> **Exercise description**: Everything in the listing except the pictures should be written out exactly.

> **Material to process**:
╔══

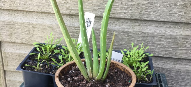 So buddy aloe has been happy as a clam in his nice terra-cotta pot on the workbench, out of the sun and rain. How happy? He's had a couple of babies. Now I got him because he had the beginning of pups, and I wanted to double or triple my fun, but his babies have … Continue reading Buddy Aloe has a baby
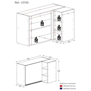 Dimensões do produto montado: Altura: 54cm | Largura: 90cm | Profundidade: 32cm *Você pode consultar as medidas internas na imagem técnica do produto.
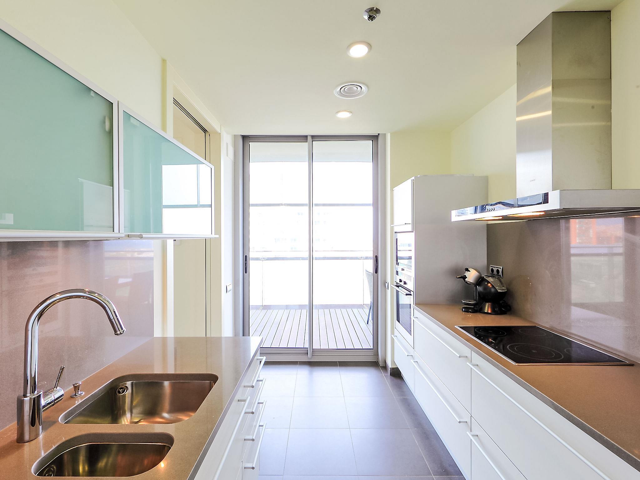 Diagonal Mar: Modern apartment block "Diagonal Mar", 21 storeys. In the resort, in a sunny position, 150 m from the sea, 150 m from the beach. For shared use: garden with lawn, swimming pool (seasonal availability: 01.Jan. - 31.Dec.). Outdoor shower. In the house: lift, air conditioning, washing machine. Parking (extra), public car park at 350 m, extra. Shop, supermarket 300 m, bus stop "H16 - Pl. Catalunya" 100 m, underground station "L4 - Forum" 500 m, sandy beach "Vila Olímpica" 150 m. Children's playground 25 m. Nearby attractions: Plaça Catalunya 5.3 km, Parc Güell 6.5 km, Passeig de Gràcia 5.3 km, Sagrada Família 4.1 km. The owner does not accept any youth groups. Neighbourhood highly sensitive to noise. Quietness and good behaviour expected. House only available, specifically, for families and responsible adults over 25 years old.
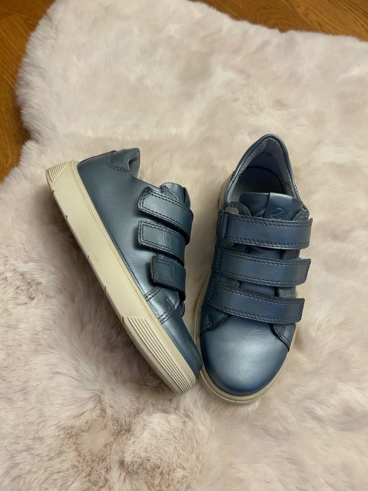 Predám krásne pastelovo-perleťové, bledunko-modré , kožené , nepremokavé topánočky Ecco. Špička na pravej topánočke kúsok oškretá, nie je to moc vidieť .Uhradím 50%poštovného!
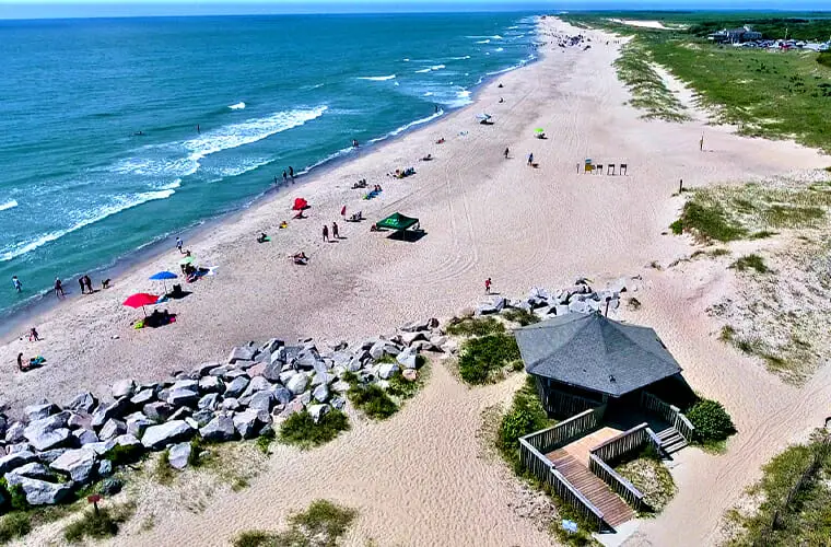 Duck Pubic Beach es reconocida a nivel nacional como una de las "15 mejores playas familiares en Estados Unidos". Cuenta con costas vírgenes que se extienden por millas y vistas infinitas del océano Atlántico.
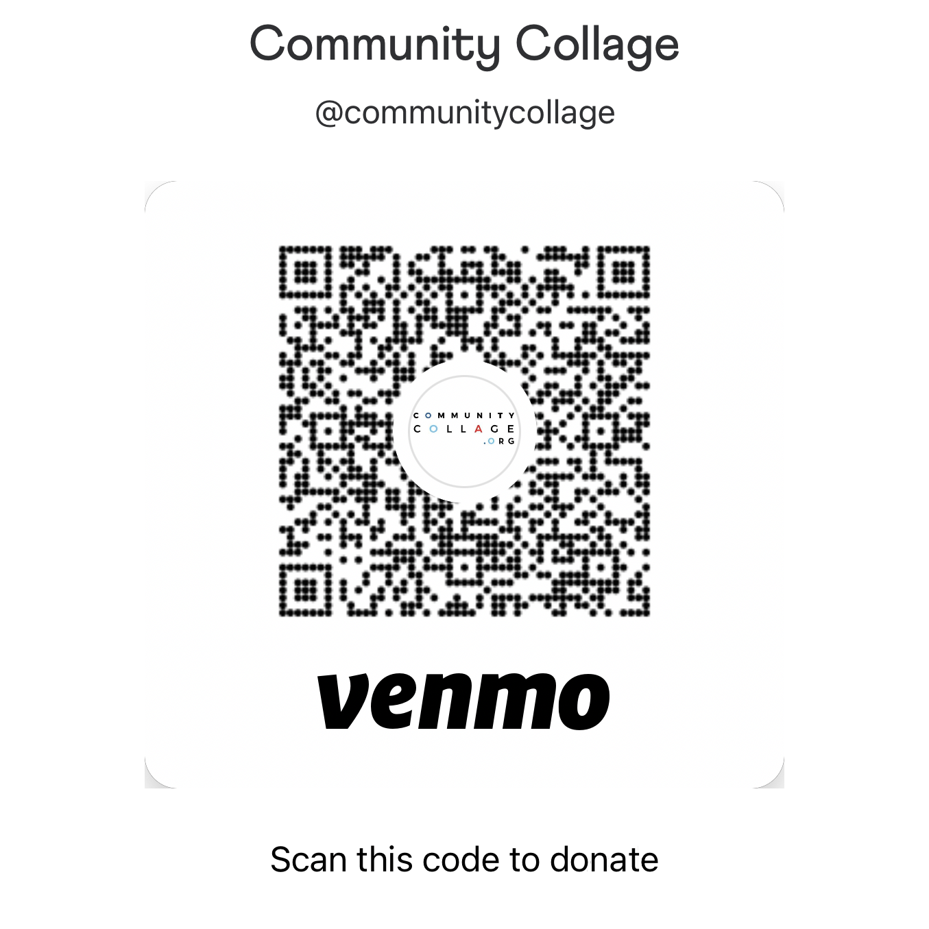 The Community Collage project is expanding. The Community Collage is a 501(c)(3) fiscally managed project. Make a tax deductible contribution by clicking or scanning below. https://www.venmo.com/communitycollage
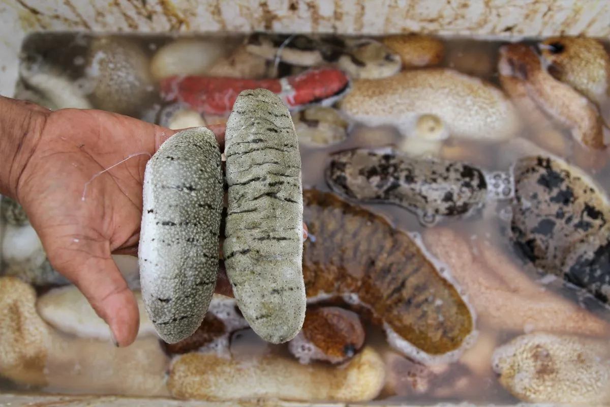 Tengkulak menunjukan teripang yang dibeli dari nelayan Suku Bajo di Desa Bajo Indah, Konawe, Sulawesi Tenggara, Sabtu (14/12/2019). Harga teripang atau trepang dengan harga dapat mencapai Rp1 juta per kilogramnya membuat para nelayan Suku Bajo di Kecamatan Soropia Kabupaten Konawe terus mencarinya di sekitar Pulau Bokori saat surut air.
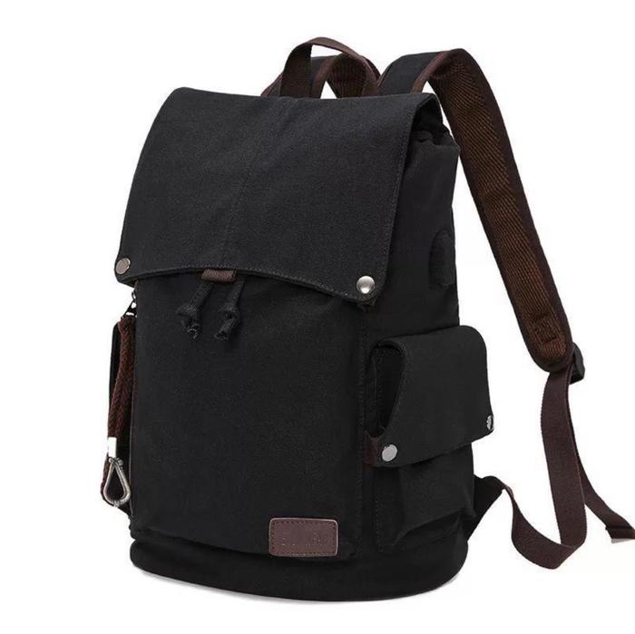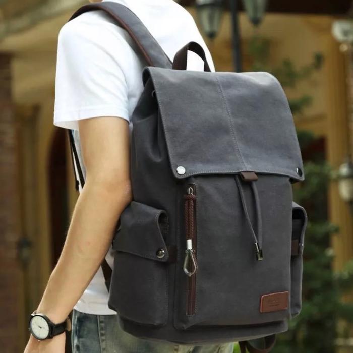 Generous Bag Backpack Tas Ransel Kanvas 1 Pria Hitam Wanita - Abu Tua

╚══

> **Answer for the task**:
 So buddy aloe has been happy as a clam in his nice terra-cotta pot on the workbench, out of the sun and rain. How happy? He's had a couple of babies. Now I got him because he had the beginning of pups, and I wanted to double or triple my fun, but his babies have … Continue reading Buddy Aloe has a baby
 Dimensões do produto montado: Altura: 54cm | Largura: 90cm | Profundidade: 32cm *Você pode consultar as medidas internas na imagem técnica do produto.
 Diagonal Mar: Modern apartment block "Diagonal Mar", 21 storeys. In the resort, in a sunny position, 150 m from the sea, 150 m from the beach. For shared use: garden with lawn, swimming pool (seasonal availability: 01.Jan. - 31.Dec.). Outdoor shower. In the house: lift, air conditioning, washing machine. Parking (extra), public car park at 350 m, extra. Shop, supermarket 300 m, bus stop "H16 - Pl. Catalunya" 100 m, underground station "L4 - Forum" 500 m, sandy beach "Vila Olímpica" 150 m. Children's playground 25 m. Nearby attractions: Plaça Catalunya 5.3 km, Parc Güell 6.5 km, Passeig de Gràcia 5.3 km, Sagrada Família 4.1 km. The owner does not accept any youth groups. Neighbourhood highly sensitive to noise. Quietness and good behaviour expected. House only available, specifically, for families and responsible adults over 25 years old.
 Predám krásne pastelovo-perleťové, bledunko-modré , kožené , nepremokavé topánočky Ecco. Špička na pravej topánočke kúsok oškretá, nie je to moc vidieť .Uhradím 50%poštovného!
 Duck Pubic Beach es reconocida a nivel nacional como una de las "15 mejores playas familiares en Estados Unidos". Cuenta con costas vírgenes que se extienden por millas y vistas infinitas del océano Atlántico.
 The Community Collage project is expanding. The Community Collage is a 501(c)(3) fiscally managed project. Make a tax deductible contribution by clicking or scanning below. https://www.venmo.com/communitycollage
 Tengkulak menunjukan teripang yang dibeli dari nelayan Suku Bajo di Desa Bajo Indah, Konawe, Sulawesi Tenggara, Sabtu (14/12/2019). Harga teripang atau trepang dengan harga dapat mencapai Rp1 juta per kilogramnya membuat para nelayan Suku Bajo di Kecamatan Soropia Kabupaten Konawe terus mencarinya di sekitar Pulau Bokori saat surut air.
 Generous Bag Backpack Tas Ransel Kanvas 1 Pria Hitam Wanita - Abu Tua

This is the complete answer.